@[562114:Budokai001]
Yes you are correct.
11985 is what u must be getting.
Can u pls elaborate on the concept.
TIA
@mayankdangi said:@Budokai001Yes you are correct.11985 is what u must be getting.Can u pls elaborate on the concept.TIA
Buddy ,there are 18 non collinear points and 7 collinear points
First i find all possible quadrilaterals that is 25C4
But there are 7 collinear points
How can 4 points on a same line form a quadrilateral ?
Also How can 3 points on a same line form a quadrilateral?
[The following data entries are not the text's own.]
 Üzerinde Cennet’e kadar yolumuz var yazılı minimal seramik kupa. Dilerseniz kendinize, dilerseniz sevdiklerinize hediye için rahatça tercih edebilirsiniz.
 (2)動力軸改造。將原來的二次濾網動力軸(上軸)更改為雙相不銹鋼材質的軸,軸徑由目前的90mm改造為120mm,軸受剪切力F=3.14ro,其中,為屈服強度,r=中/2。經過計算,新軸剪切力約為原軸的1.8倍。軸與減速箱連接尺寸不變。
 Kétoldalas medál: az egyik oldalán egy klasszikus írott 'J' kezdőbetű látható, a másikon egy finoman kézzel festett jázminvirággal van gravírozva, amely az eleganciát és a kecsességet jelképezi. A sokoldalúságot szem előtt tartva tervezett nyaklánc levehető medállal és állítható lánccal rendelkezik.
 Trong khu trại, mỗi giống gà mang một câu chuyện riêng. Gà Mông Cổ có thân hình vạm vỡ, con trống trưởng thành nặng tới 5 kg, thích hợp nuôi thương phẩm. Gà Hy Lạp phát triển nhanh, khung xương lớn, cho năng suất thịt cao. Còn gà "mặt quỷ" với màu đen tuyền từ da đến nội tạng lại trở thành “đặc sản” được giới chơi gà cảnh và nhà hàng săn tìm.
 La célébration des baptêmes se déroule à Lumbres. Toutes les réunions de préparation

It is a triangle .
So we must subtract these 2 cases
case 1:4 points on a same line =7C4
case 2 : 3 points on a same line& other point on a non collinear point
7C3*18C1
so subtract these two cases to get the answer
@[562114:Budokai001]
Thanks, didnt think of case 2.
@ayushbhalotia said: Hi Puys!!Can some1 pls. help with the solution for the below mentioned questions:-Q1) Find the sum of all possible whole number divisors of 720?A) 2012 B) 2624 C) 2210 D) 2418 E)2520Q2) Find the sum of the series:- 1/1*5 + 1/5*9 + 1/9*13 +......... +1/221*225 A) 28/221 B)56/221 C)56/225 D) None of theseQ3) What is the remainder when (1!)^3 + (2!)^3 + (3!)^3 .... + (1152!)^3 is divided by 1152? A) 125 B)225 C)325 D)205thanks in advance !!! Regards, Ayush
@[361226:ayushbhalotia]
2.) C. 56/225 (multiply by 4 and divide by 4 .. all terms except first and last will cancel out)
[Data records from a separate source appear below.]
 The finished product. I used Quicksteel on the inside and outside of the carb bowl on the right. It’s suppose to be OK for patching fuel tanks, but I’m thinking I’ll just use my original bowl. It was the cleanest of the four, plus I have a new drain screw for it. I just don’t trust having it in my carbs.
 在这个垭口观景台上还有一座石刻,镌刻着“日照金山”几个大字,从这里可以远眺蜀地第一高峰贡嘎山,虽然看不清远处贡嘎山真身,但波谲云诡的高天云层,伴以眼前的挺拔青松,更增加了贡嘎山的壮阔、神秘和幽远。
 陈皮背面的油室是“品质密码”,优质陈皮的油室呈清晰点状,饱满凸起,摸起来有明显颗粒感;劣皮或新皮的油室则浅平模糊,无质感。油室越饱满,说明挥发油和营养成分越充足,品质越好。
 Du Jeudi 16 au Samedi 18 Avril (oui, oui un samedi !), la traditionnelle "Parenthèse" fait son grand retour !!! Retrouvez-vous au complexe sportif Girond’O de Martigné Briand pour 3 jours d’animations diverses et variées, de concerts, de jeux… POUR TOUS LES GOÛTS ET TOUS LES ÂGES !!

3.) B. 225 (4! ^3 is divisible by 1152 so take all terms less than that)
1.) solving.............
@ayushbhalotia said: Hi Puys!!Can some1 pls. help with the solution for the below mentioned questions:-Q1) Find the sum of all possible whole number divisors of 720?A) 2012 B) 2624 C) 2210 D) 2418 E)2520Q2) Find the sum of the series:- 1/1*5 + 1/5*9 + 1/9*13 +......... +1/221*225 A) 28/221 B)56/221 C)56/225 D) None of theseQ3) What is the remainder when (1!)^3 + (2!)^3 + (3!)^3 .... + (1152!)^3 is divided by 1152? A) 125 B)225 C)325 D)205thanks in advance !!! Regards, Ayush
for 1. ) D 2418 ??
@[361226:ayushbhalotia]
@ @[475306:pulkitgurditta]- - for Q1) even i had got 2418 but the ans is B)2624.
For Q2 how did u get the logic that it has to be dividedand multiplied by 4??? is it because the diff between the numbers is 4?? pls reply..
@ayushbhalotia said: @ @pulkitgurditta- - for Q1) even i had got 2418 but the ans is B)2624.For Q2 how did u get the logic that it has to be dividedand multiplied by 4??? is it because the diff between the numbers is 4?? pls reply..
@[361226:ayushbhalotia] dude.. pehle kahin pe dekha tha maine ye...to solve kar diya
@[75523:abhijit111] Can anyone solve this question for me??
The number of circles that can be drawn out of 10 points of which 7 are colliner??
@[591492:Rithu] (7C1*3C2) + (7C2*3C1) + 1 = 85
right?
@[402270:krishna581] Answer is right!! but why should i have 3 points in order to construct a circle?? why cant i do it with two??
@[402270:krishna581] Can you explain it for me?? 
@[591492:Rithu] Theoretically infinite number of circles can be drawn that pass through two points. But if we take three non-collinear points, only one cirlce can be drawn. Hope you got it!
@[402270:krishna581] Got it...!! Given three points, it is always possible to draw a circle that passes through all three(this is d explanation rite ?? 
) So another way is 10C3-7C3=85 
@[591492:Rithu] Three points should be non-colilnear dude! otherwise not.
@[402270:krishna581] Dat's Obvious 
@[591492:Rithu] any other questions??
@[402270:krishna581] In how many ways a cricketer can score 200 runs with fours and sixes only?
@[402270:krishna581] Please do explain..
@[591492:Rithu] 17 ways?
@[402270:krishna581] Yup!! But howwwwwwwwww????????